Accountants have been calculating the fallout since a recent bombshell decision to strike the Queenstown Lakes Community Housing Trust off the charities register on September 15. 

Trust chairman David Cole: “Looking at our strategic plan, our accountants have outlined a potential annual tax liability of more than half a million dollars a year if the trust achieves its five-year goals.” 

Denied charitable status, the trust will be hit for 33 per cent tax on gains from each property. 

In a nutshell...

Queenstown Lakes Community Housing Trust will be struck off the charities register on September 15, making it liable for 33 per cent tax on most income, including some Government grants.
It will also be liable for tax on property gains when homeowners buy the trust out.
The trust will have an estimated annual tax liability of $500,000-plus per year, money lost to future housing projects.
Since 2007, the trust has had $3.5 million in Department of Building and Housing grants and helped 35 households into properties.

“This reduces the capital the trust can recycle to the next family,” Cole says – meaning fewer and fewer homes will be built. 

“And if you take it to its logical conclusion, the trust ultimately runs out of money.” 

Cole says the Govern-ment’s Charities Com-mission is signalling a tax on what he calls “community capital going into home ownership schemes”. 

The local housing trust encourages its homeowners to buy out the trust's 15-40 per cent equity in their properties, Cole says. 

“We encourage that in order to recycle our capital.” 

Buyouts are done based on a home’s valuation at the time. 

Since the shock announcement a fortnight ago, other affordable housing groups from Nelson, Marlborough and Wellington have come out in support of the local trust. 

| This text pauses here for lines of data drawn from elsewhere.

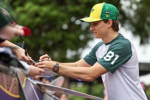 (250313) -- MELBOURNE, 13 marzo, 2025 (Xinhua) -- El piloto australiano de la escudería McLaren, Oscar Piastri, interactúa con aficionados en el Melbourne Walk, previo al Gran Premio de Australia de Fórmula Uno, en Albert Park, en Melbourne, Australia, el 13 de marzo de 2025. (Xinhua/Qian Jun) (rtg) (ra) (ce)
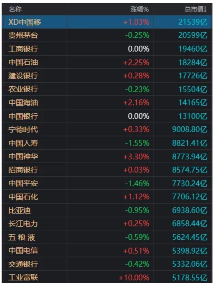 其中,中国石油盘中涨超3%,市值近1.9万亿元;中国神华涨超3%,市值8800多亿元;工业富联涨停,市值超5000亿元。
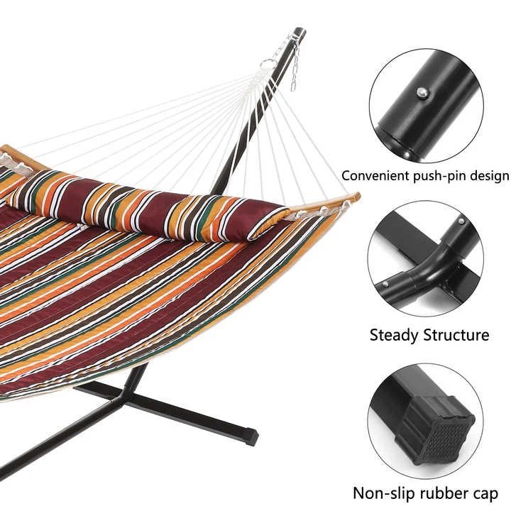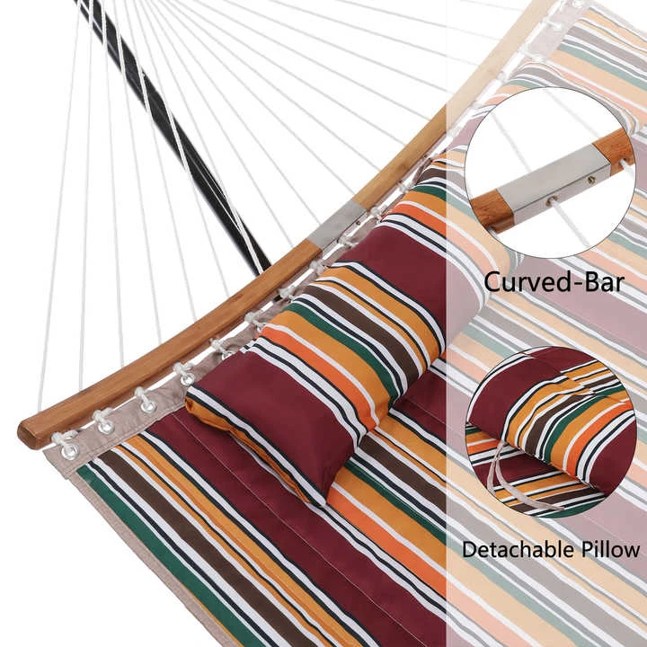 Portebla nilona tendaro Hammock. Ĉu ĝi estas amikoj aŭ familio, ĉi tiu hamako estas multvalora, funkcia kaj unika maniero doni al ili novan sperton pri komforto kaj kvalito. kaj ekstere.
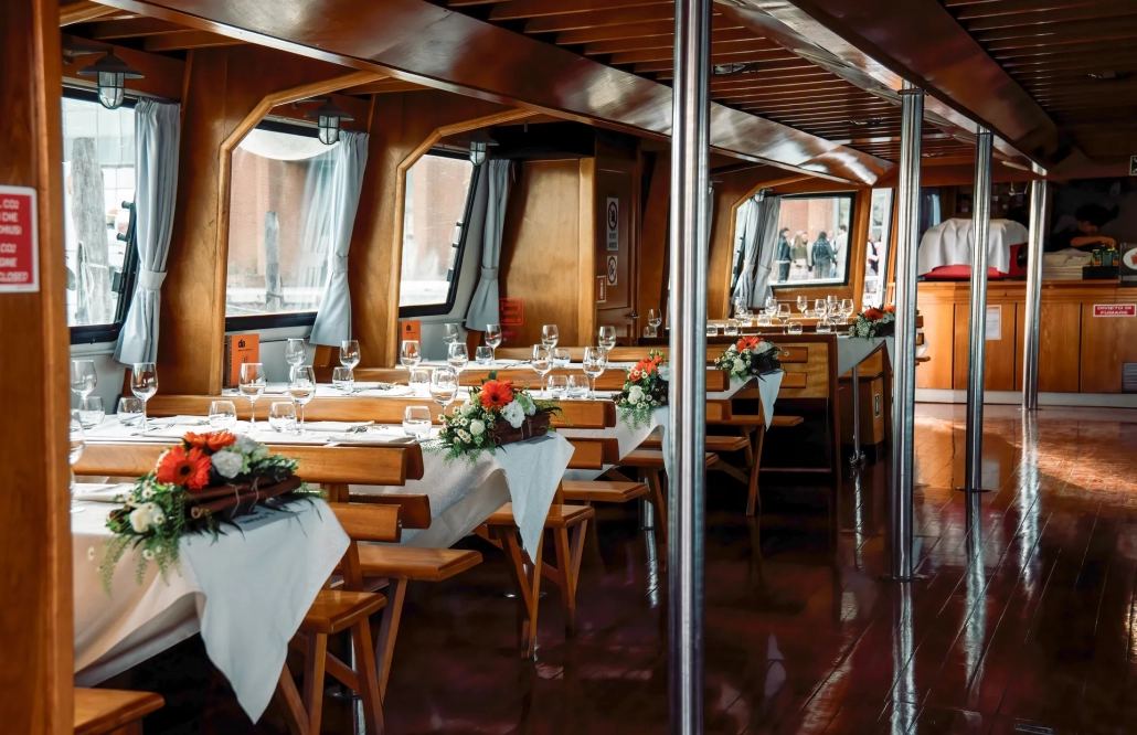 Organizzare una festa di natale corporate su barca a Venezia è un’idea originale e coinvolgente: potrai pianificare un pranzo, una cena e una festa musicale anche d’inverno nella laguna. Ti guideremo nella selezione della barca riscaldata più adatta, proponendo soluzioni su misura che includono catering, intrattenimento musicale e altris servizi.
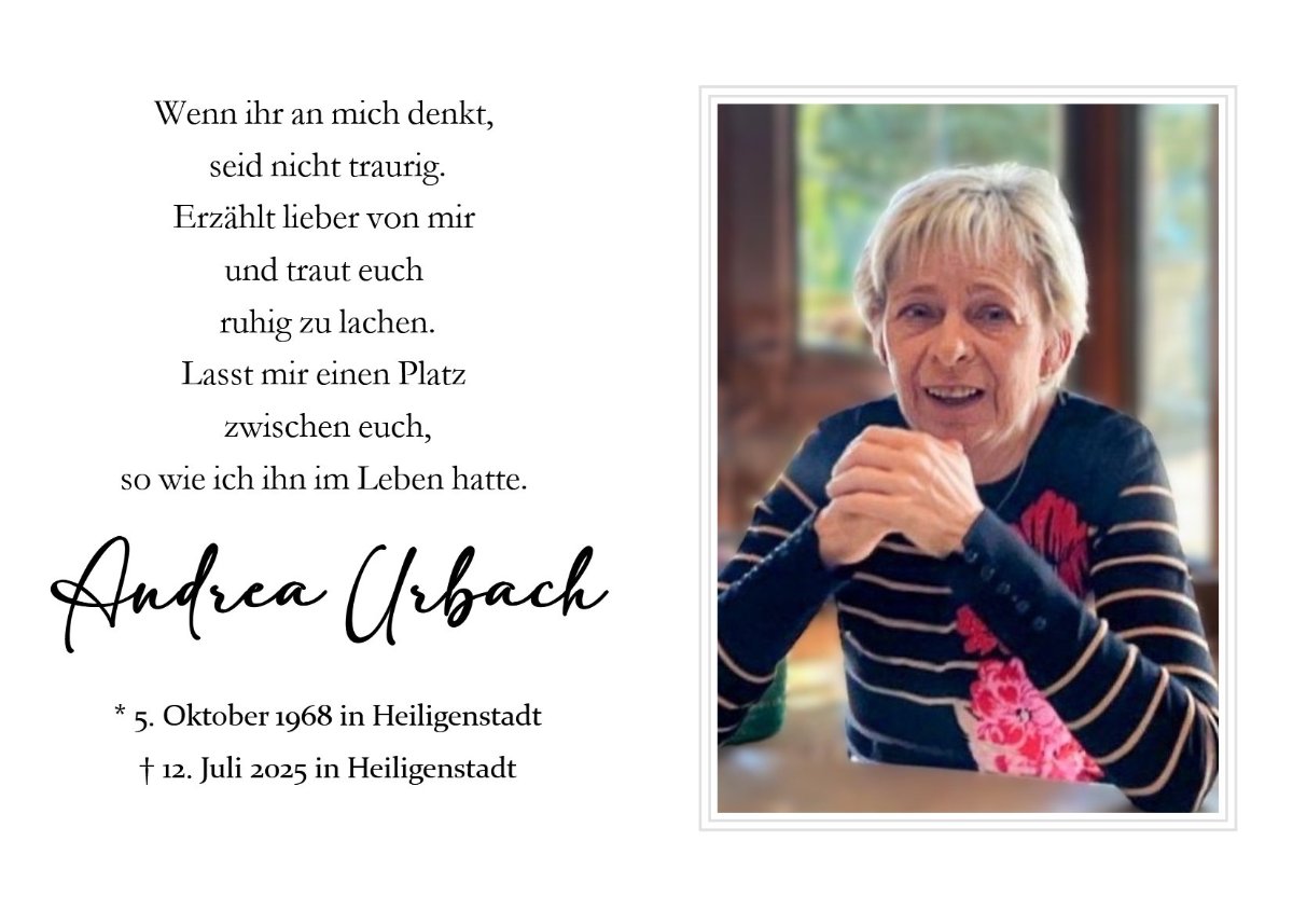 Lb. Familie Urbach, einen stillen Gruß aus dem Pfarrhaus Hüpstedt. Erst mussten Sie schweren Herzens von Ihrer geliebten Mutter Abschied nehmen und nun kam plötzlich und unerwartet die Todesnachricht von Ihrer Schwester, Schwägerin und Patentante Andrea.
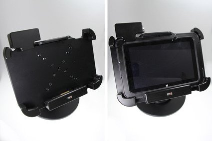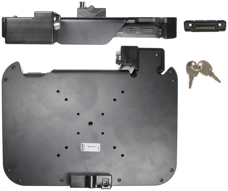 Uchwyt wykonany jest z bardzo mocnego i wytrzymałego tworzywa ABS. Zamontuj go do dowolnej płaskiej powierzchni, w samochodzie ciężarowym, w magazynie, na wózku widłowym itp. Uchwyt posiada w swojej tylnej części standardowe otwory AMPS i VESA. Gdy urządzenie znajduje się w uchwycie, jest pełny dostęp do kamery, wszystkich przycisków funkcyjnych i portów elektronicznych.
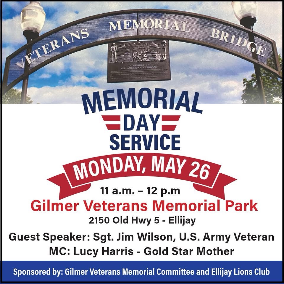 In the event of rain, the ceremony will be moved to the Ellijay Lions Club Pavilion. Please plan to attend! We will distribute programs, pins, and water.
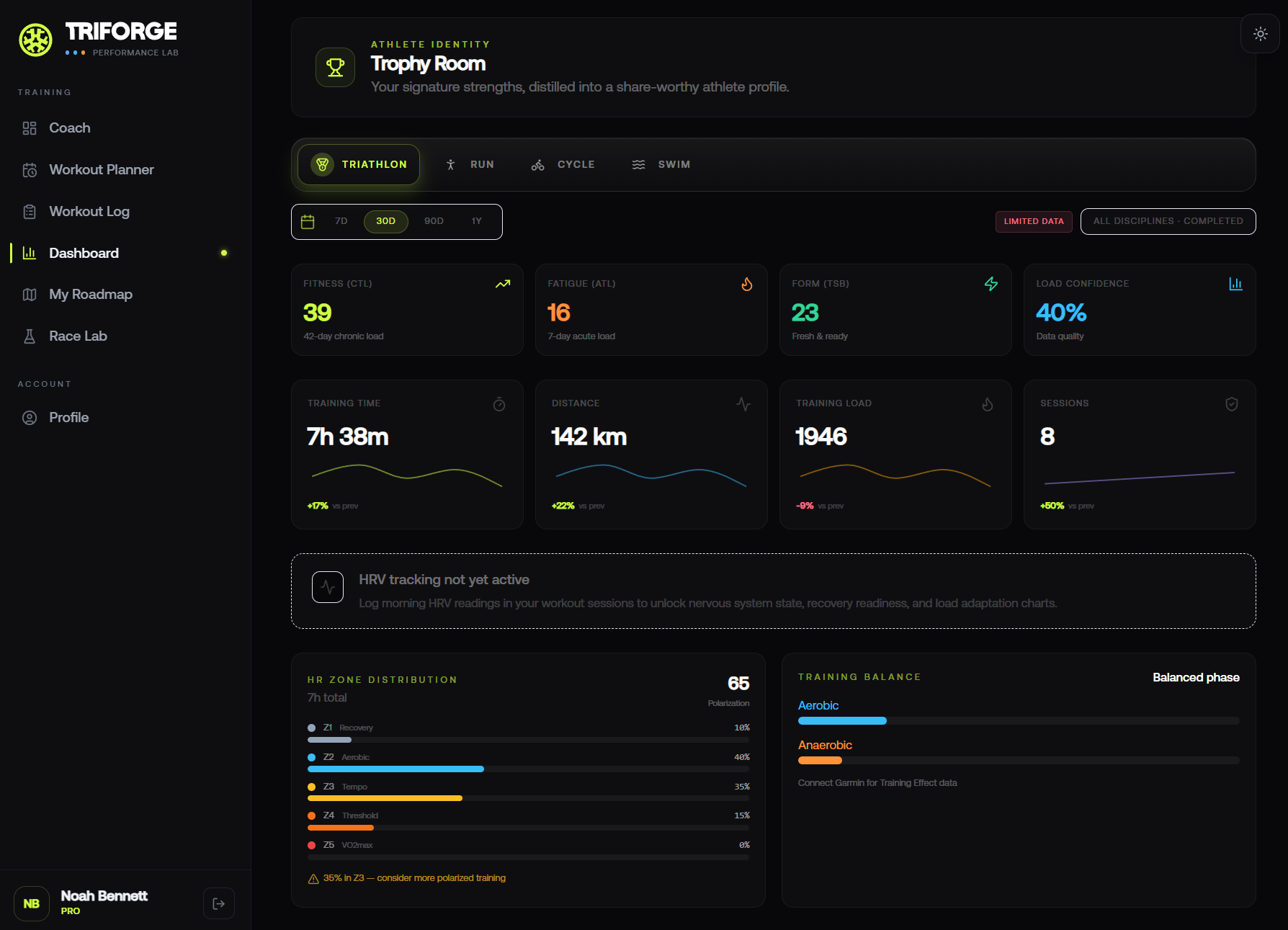 Managing training load across three disciplines, swimming, cycling, and running, adds a layer of complexity that single-sport tools weren't built for. Triforge is designed to handle exactly this. The platform aggregates load across all modalities via Strava integration, giving you a unified view of your acute and chronic training stress rather than fragmented numbers in three separate apps. Its adaptive coaching engine uses your real training data to flag when your workload ratio is drifting into risky territory, and adjusts upcoming sessions accordingly, pulling back intensity before you dig a hole, not after. For athletes who want to train hard and race well without the guesswork of manual load calculations, Triforge makes the science actionable.

The groups’ national body, Community Housing Aotea­­­­roa, is also calling for a “solution”. 

“There is apprehension that the same 17th century definitions that have been rigidly applied in deregistering Queenstown will begin a domino effect across the country,” Cole says. 

“Housing Minister Phil Heatley has signalled he wants to grow the community housing sector and this decision flies in the face of that aspiration.”